The copy you return should hold every record below word for word and no images.

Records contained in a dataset
________________________

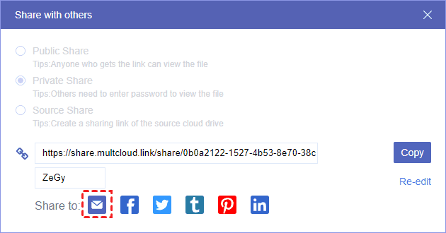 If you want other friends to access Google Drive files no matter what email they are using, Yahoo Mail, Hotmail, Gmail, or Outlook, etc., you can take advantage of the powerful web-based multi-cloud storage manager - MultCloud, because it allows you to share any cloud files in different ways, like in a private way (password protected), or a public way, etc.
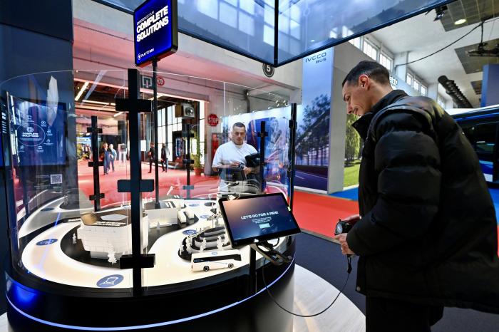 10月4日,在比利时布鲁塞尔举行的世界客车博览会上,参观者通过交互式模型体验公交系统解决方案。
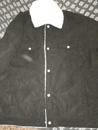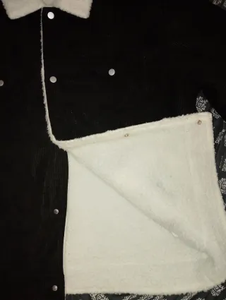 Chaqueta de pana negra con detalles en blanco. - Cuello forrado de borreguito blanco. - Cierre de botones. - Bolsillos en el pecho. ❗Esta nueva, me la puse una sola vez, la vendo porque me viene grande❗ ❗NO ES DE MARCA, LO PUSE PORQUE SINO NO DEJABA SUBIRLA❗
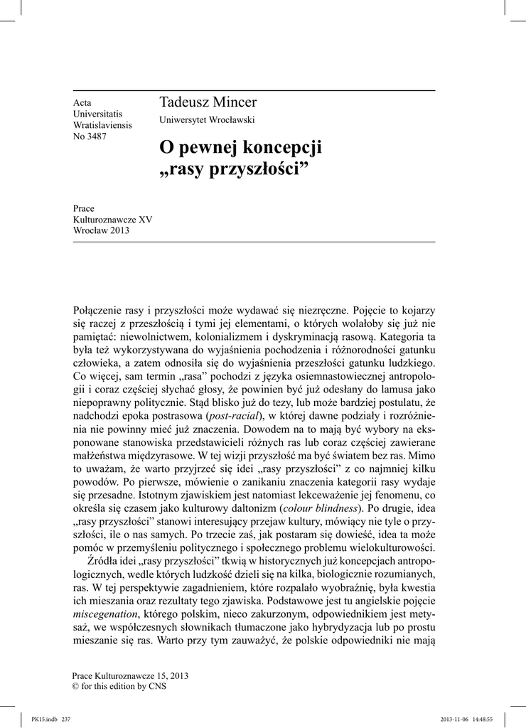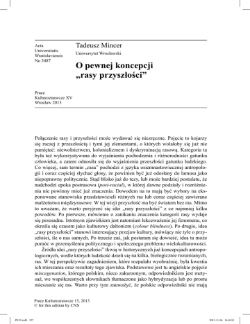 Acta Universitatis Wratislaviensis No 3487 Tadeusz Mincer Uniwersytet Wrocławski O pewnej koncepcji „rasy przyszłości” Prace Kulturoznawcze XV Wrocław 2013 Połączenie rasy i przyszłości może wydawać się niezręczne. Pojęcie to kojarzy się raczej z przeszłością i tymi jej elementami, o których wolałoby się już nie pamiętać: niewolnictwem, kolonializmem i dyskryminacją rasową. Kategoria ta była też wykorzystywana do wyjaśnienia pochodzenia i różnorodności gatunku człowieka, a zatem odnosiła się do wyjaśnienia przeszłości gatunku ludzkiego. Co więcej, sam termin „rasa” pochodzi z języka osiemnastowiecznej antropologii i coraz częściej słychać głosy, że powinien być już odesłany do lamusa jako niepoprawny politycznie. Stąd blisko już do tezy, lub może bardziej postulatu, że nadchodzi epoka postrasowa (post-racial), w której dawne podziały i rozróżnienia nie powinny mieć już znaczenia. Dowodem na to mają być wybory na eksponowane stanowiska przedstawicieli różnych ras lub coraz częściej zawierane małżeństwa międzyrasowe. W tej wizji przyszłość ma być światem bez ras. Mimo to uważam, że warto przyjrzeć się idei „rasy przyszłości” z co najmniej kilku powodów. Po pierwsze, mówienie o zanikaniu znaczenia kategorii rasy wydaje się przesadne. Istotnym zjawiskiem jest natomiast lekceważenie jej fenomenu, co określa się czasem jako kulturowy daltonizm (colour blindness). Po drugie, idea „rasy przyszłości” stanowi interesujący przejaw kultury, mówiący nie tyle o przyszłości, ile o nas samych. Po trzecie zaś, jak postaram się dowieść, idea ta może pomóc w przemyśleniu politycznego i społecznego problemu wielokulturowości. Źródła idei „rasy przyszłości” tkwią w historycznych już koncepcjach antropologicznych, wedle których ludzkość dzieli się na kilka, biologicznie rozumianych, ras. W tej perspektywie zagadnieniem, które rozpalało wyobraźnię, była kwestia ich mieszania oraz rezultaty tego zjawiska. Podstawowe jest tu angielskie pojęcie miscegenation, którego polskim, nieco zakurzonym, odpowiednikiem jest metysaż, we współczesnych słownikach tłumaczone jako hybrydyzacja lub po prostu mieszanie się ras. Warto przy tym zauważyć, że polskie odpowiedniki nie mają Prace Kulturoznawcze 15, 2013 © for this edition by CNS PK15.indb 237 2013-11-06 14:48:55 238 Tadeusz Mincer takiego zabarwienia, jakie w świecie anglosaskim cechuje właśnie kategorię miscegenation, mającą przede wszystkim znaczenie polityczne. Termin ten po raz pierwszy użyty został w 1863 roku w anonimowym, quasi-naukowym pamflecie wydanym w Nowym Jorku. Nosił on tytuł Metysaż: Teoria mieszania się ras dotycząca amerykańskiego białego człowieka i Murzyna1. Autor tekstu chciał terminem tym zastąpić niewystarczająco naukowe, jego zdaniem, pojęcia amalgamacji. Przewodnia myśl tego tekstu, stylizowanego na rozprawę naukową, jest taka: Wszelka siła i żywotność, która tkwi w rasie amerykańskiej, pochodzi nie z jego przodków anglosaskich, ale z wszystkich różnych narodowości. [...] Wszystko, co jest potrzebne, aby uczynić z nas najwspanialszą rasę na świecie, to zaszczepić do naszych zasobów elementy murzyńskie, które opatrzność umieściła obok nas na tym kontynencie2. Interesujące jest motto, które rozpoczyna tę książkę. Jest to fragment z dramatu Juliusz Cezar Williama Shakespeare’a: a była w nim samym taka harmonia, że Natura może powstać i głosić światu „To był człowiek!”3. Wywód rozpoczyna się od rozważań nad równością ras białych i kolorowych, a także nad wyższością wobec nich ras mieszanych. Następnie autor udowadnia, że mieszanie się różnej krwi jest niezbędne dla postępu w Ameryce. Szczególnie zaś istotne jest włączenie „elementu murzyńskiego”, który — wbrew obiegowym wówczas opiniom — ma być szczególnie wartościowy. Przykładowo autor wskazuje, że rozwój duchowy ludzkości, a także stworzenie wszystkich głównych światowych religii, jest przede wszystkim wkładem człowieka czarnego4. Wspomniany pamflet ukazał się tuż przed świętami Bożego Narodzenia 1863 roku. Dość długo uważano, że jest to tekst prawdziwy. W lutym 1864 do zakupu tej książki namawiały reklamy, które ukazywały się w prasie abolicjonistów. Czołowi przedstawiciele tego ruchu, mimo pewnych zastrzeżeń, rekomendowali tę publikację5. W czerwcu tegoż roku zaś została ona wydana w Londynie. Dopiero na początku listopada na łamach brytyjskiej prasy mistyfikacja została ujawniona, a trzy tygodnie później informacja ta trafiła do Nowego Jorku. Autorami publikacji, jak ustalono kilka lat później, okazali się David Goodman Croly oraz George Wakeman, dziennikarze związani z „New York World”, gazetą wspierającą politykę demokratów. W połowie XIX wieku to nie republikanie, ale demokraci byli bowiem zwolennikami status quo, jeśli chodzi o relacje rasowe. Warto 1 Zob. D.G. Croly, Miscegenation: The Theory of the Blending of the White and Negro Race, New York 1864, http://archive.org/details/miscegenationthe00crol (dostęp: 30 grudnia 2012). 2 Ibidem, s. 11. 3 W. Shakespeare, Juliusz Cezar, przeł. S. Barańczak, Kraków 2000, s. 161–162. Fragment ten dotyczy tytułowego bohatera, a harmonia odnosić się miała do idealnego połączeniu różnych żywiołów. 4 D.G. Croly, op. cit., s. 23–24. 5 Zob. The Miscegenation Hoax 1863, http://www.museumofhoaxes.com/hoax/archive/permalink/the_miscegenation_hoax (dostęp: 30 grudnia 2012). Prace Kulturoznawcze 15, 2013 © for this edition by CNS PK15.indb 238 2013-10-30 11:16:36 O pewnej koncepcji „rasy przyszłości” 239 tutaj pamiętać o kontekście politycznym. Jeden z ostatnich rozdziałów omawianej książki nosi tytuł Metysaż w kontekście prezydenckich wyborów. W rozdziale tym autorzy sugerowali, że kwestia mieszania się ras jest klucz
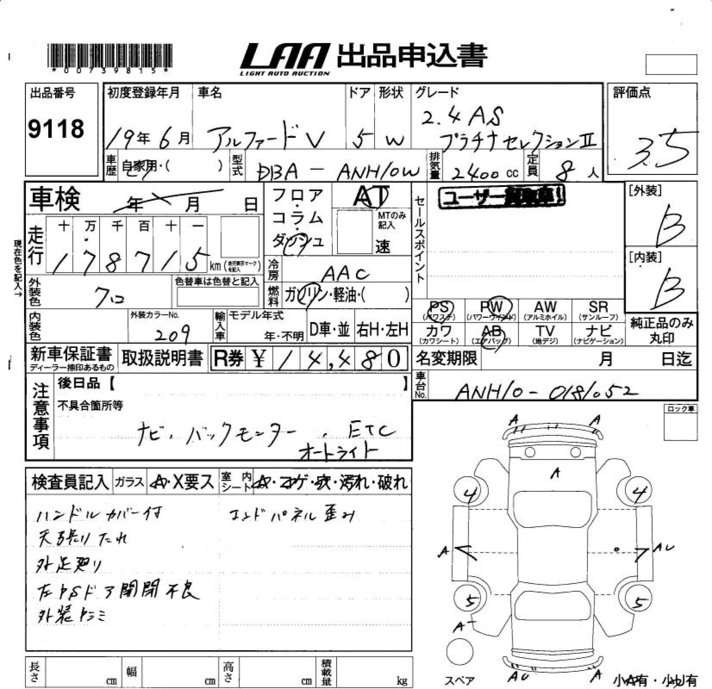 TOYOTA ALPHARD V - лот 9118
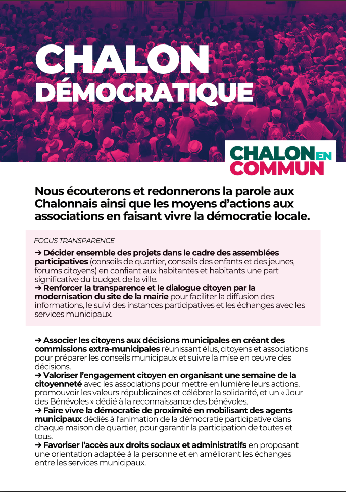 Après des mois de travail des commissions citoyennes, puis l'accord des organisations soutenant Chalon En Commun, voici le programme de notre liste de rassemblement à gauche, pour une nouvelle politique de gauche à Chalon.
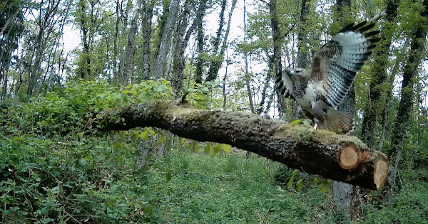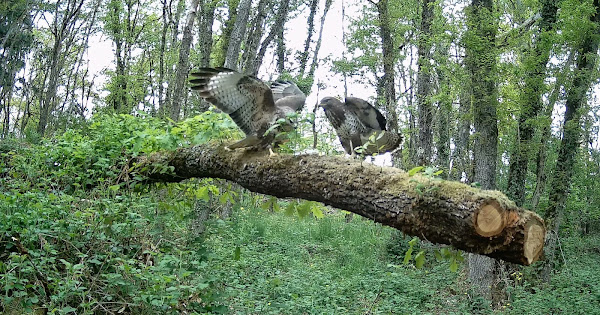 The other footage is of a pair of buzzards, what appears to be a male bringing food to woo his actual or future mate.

________________________

*Solved problem*:
 If you want other friends to access Google Drive files no matter what email they are using, Yahoo Mail, Hotmail, Gmail, or Outlook, etc., you can take advantage of the powerful web-based multi-cloud storage manager - MultCloud, because it allows you to share any cloud files in different ways, like in a private way (password protected), or a public way, etc.
 10月4日,在比利时布鲁塞尔举行的世界客车博览会上,参观者通过交互式模型体验公交系统解决方案。
 Chaqueta de pana negra con detalles en blanco. - Cuello forrado de borreguito blanco. - Cierre de botones. - Bolsillos en el pecho. ❗Esta nueva, me la puse una sola vez, la vendo porque me viene grande❗ ❗NO ES DE MARCA, LO PUSE PORQUE SINO NO DEJABA SUBIRLA❗
 Acta Universitatis Wratislaviensis No 3487 Tadeusz Mincer Uniwersytet Wrocławski O pewnej koncepcji „rasy przyszłości” Prace Kulturoznawcze XV Wrocław 2013 Połączenie rasy i przyszłości może wydawać się niezręczne. Pojęcie to kojarzy się raczej z przeszłością i tymi jej elementami, o których wolałoby się już nie pamiętać: niewolnictwem, kolonializmem i dyskryminacją rasową. Kategoria ta była też wykorzystywana do wyjaśnienia pochodzenia i różnorodności gatunku człowieka, a zatem odnosiła się do wyjaśnienia przeszłości gatunku ludzkiego. Co więcej, sam termin „rasa” pochodzi z języka osiemnastowiecznej antropologii i coraz częściej słychać głosy, że powinien być już odesłany do lamusa jako niepoprawny politycznie. Stąd blisko już do tezy, lub może bardziej postulatu, że nadchodzi epoka postrasowa (post-racial), w której dawne podziały i rozróżnienia nie powinny mieć już znaczenia. Dowodem na to mają być wybory na eksponowane stanowiska przedstawicieli różnych ras lub coraz częściej zawierane małżeństwa międzyrasowe. W tej wizji przyszłość ma być światem bez ras. Mimo to uważam, że warto przyjrzeć się idei „rasy przyszłości” z co najmniej kilku powodów. Po pierwsze, mówienie o zanikaniu znaczenia kategorii rasy wydaje się przesadne. Istotnym zjawiskiem jest natomiast lekceważenie jej fenomenu, co określa się czasem jako kulturowy daltonizm (colour blindness). Po drugie, idea „rasy przyszłości” stanowi interesujący przejaw kultury, mówiący nie tyle o przyszłości, ile o nas samych. Po trzecie zaś, jak postaram się dowieść, idea ta może pomóc w przemyśleniu politycznego i społecznego problemu wielokulturowości. Źródła idei „rasy przyszłości” tkwią w historycznych już koncepcjach antropologicznych, wedle których ludzkość dzieli się na kilka, biologicznie rozumianych, ras. W tej perspektywie zagadnieniem, które rozpalało wyobraźnię, była kwestia ich mieszania oraz rezultaty tego zjawiska. Podstawowe jest tu angielskie pojęcie miscegenation, którego polskim, nieco zakurzonym, odpowiednikiem jest metysaż, we współczesnych słownikach tłumaczone jako hybrydyzacja lub po prostu mieszanie się ras. Warto przy tym zauważyć, że polskie odpowiedniki nie mają Prace Kulturoznawcze 15, 2013 © for this edition by CNS PK15.indb 237 2013-11-06 14:48:55 238 Tadeusz Mincer takiego zabarwienia, jakie w świecie anglosaskim cechuje właśnie kategorię miscegenation, mającą przede wszystkim znaczenie polityczne. Termin ten po raz pierwszy użyty został w 1863 roku w anonimowym, quasi-naukowym pamflecie wydanym w Nowym Jorku. Nosił on tytuł Metysaż: Teoria mieszania się ras dotycząca amerykańskiego białego człowieka i Murzyna1. Autor tekstu chciał terminem tym zastąpić niewystarczająco naukowe, jego zdaniem, pojęcia amalgamacji. Przewodnia myśl tego tekstu, stylizowanego na rozprawę naukową, jest taka: Wszelka siła i żywotność, która tkwi w rasie amerykańskiej, pochodzi nie z jego przodków anglosaskich, ale z wszystkich różnych narodowości. [...] Wszystko, co jest potrzebne, aby uczynić z nas najwspanialszą rasę na świecie, to zaszczepić do naszych zasobów elementy murzyńskie, które opatrzność umieściła obok nas na tym kontynencie2. Interesujące jest motto, które rozpoczyna tę książkę. Jest to fragment z dramatu Juliusz Cezar Williama Shakespeare’a: a była w nim samym taka harmonia, że Natura może powstać i głosić światu „To był człowiek!”3. Wywód rozpoczyna się od rozważań nad równością ras białych i kolorowych, a także nad wyższością wobec nich ras mieszanych. Następnie autor udowadnia, że mieszanie się różnej krwi jest niezbędne dla postępu w Ameryce. Szczególnie zaś istotne jest włączenie „elementu murzyńskiego”, który — wbrew obiegowym wówczas opiniom — ma być szczególnie wartościowy. Przykładowo autor wskazuje, że rozwój duchowy ludzkości, a także stworzenie wszystkich głównych światowych religii, jest przede wszystkim wkładem człowieka czarnego4. Wspomniany pamflet ukazał się tuż przed świętami Bożego Narodzenia 1863 roku. Dość długo uważano, że jest to tekst prawdziwy. W lutym 1864 do zakupu tej książki namawiały reklamy, które ukazywały się w prasie abolicjonistów. Czołowi przedstawiciele tego ruchu, mimo pewnych zastrzeżeń, rekomendowali tę publikację5. W czerwcu tegoż roku zaś została ona wydana w Londynie. Dopiero na początku listopada na łamach brytyjskiej prasy mistyfikacja została ujawniona, a trzy tygodnie później informacja ta trafiła do Nowego Jorku. Autorami publikacji, jak ustalono kilka lat później, okazali się David Goodman Croly oraz George Wakeman, dziennikarze związani z „New York World”, gazetą wspierającą politykę demokratów. W połowie XIX wieku to nie republikanie, ale demokraci byli bowiem zwolennikami status quo, jeśli chodzi o relacje rasowe. Warto 1 Zob. D.G. Croly, Miscegenation: The Theory of the Blending of the White and Negro Race, New York 1864, http://archive.org/details/miscegenationthe00crol (dostęp: 30 grudnia 2012). 2 Ibidem, s. 11. 3 W. Shakespeare, Juliusz Cezar, przeł. S. Barańczak, Kraków 2000, s. 161–162. Fragment ten dotyczy tytułowego bohatera, a harmonia odnosić się miała do idealnego połączeniu różnych żywiołów. 4 D.G. Croly, op. cit., s. 23–24. 5 Zob. The Miscegenation Hoax 1863, http://www.museumofhoaxes.com/hoax/archive/permalink/the_miscegenation_hoax (dostęp: 30 grudnia 2012). Prace Kulturoznawcze 15, 2013 © for this edition by CNS PK15.indb 238 2013-10-30 11:16:36 O pewnej koncepcji „rasy przyszłości” 239 tutaj pamiętać o kontekście politycznym. Jeden z ostatnich rozdziałów omawianej książki nosi tytuł Metysaż w kontekście prezydenckich wyborów. W rozdziale tym autorzy sugerowali, że kwestia mieszania się ras jest klucz
 TOYOTA ALPHARD V - лот 9118
 Après des mois de travail des commissions citoyennes, puis l'accord des organisations soutenant Chalon En Commun, voici le programme de notre liste de rassemblement à gauche, pour une nouvelle politique de gauche à Chalon.
 The other footage is of a pair of buzzards, what appears to be a male bringing food to woo his actual or future mate.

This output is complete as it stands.